No doubt thinking of the thesis of Hardt & Negri's Empire, he notes:
Perhaps it will still be possible to shoehorn the United States into a stretched definition of "empire", but it would look nothing like Britain or Rome.
That would be an important point if the United States were trying to do what Rome and Britain did, or for that matter if Rome and Britain had done the same thing. It is certainly too late for a colonial empire like Britain's, and for that matter it is unimaginable that the United States would or could mimic Rome. That is quite a different thing from saying that the international system might not evolve in such a way that the US might wind up with a monopoly of certain kinds of force. Such a monopoly held by some entity in the world would in any case be necessary to make most conventional wars impossible, which is the chief precondition for the nonviolent politics that Schell favors.
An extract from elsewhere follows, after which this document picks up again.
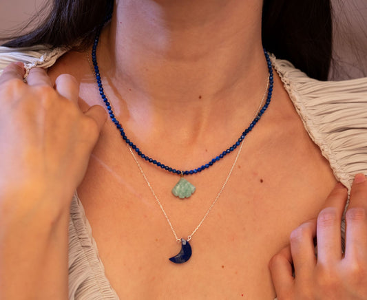 Lapis Lazuli Necklace with Amazonite Shell Charm - BALANCE AND WISDOM

Finally, to read Schell is to encounter by yet another mind in which it will always be 1970. He projects the paradigm of the national liberation movement onto transnational millenarian networks, and he repeats again and again that nuclear weapons are unusable; meanwhile, lesser powers acquire them im contexts, such as Iran versus Israel, or India versus Pakistan, in which they would be eminently usable. It's like the never-ending tours by the Rolling Stones, except the Stones know they are a nostalgia act.